Stored records:
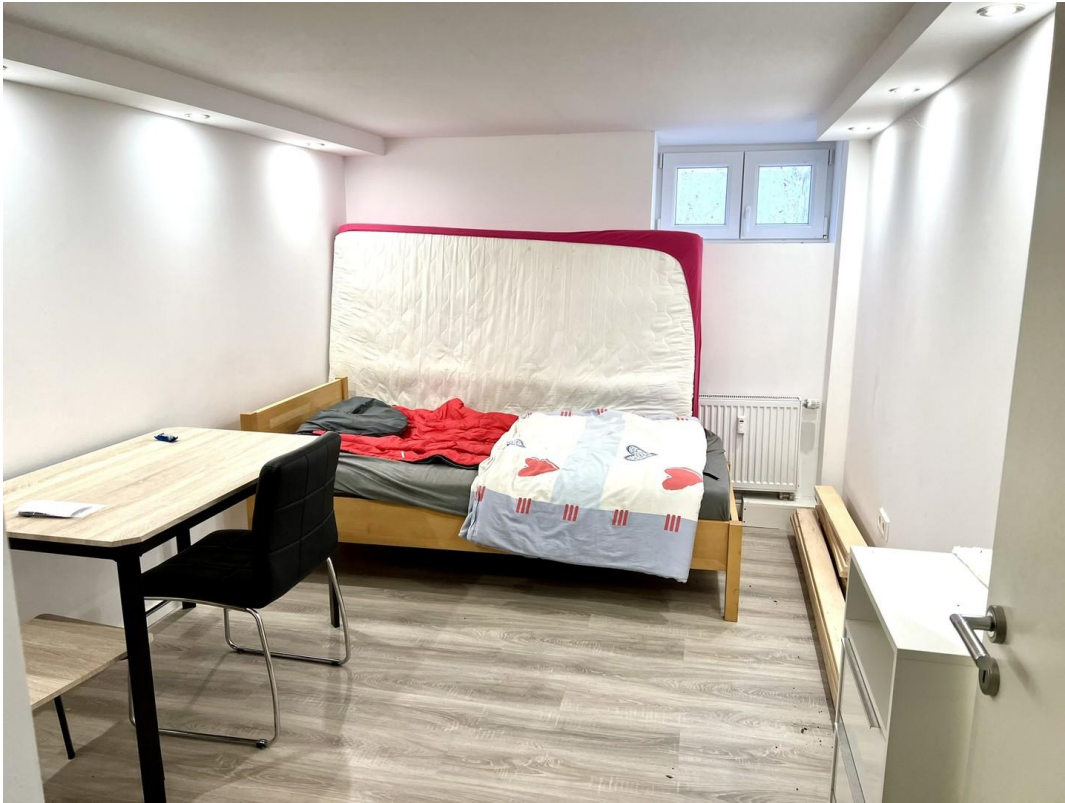
11m2 Nutzraum - Bild 1
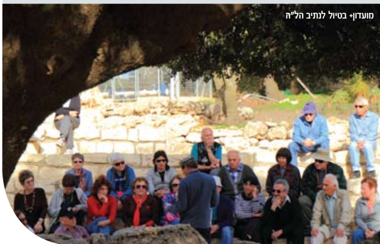
מועדון+ בטיול לנתיב ה"ה"
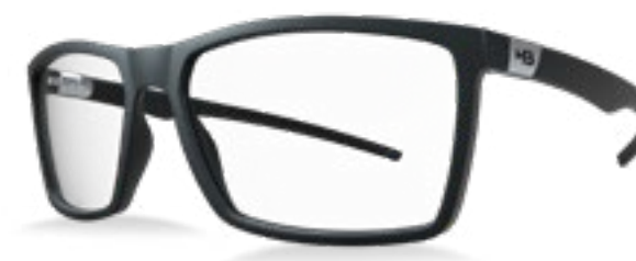
Matte Black D. Blue Ref. 10100760003010
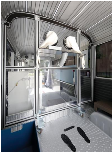
杉並区が導入予定のPCR検査バスを開発したビッグウェーブホールディングス株式会社ホームページより、PCR検査バス車内の様子。

等と求めると共に新型コロナウイルス感染症による影響を受ける住民生活や区内事業者への支援策の拡充を求める予定です。 一般質問の詳細は区議団ホームページ等に掲載 します。

Task statement: Your task is to reproduce exactly the lines that begin with the one containing "杉並区が導入予定のPCR検査" and continue to the end of the data, both ends included.

Problem solution:
杉並区が導入予定のPCR検査バスを開発したビッグウェーブホールディングス株式会社ホームページより、PCR検査バス車内の様子。

等と求めると共に新型コロナウイルス感染症による影響を受ける住民生活や区内事業者への支援策の拡充を求める予定です。 一般質問の詳細は区議団ホームページ等に掲載 します。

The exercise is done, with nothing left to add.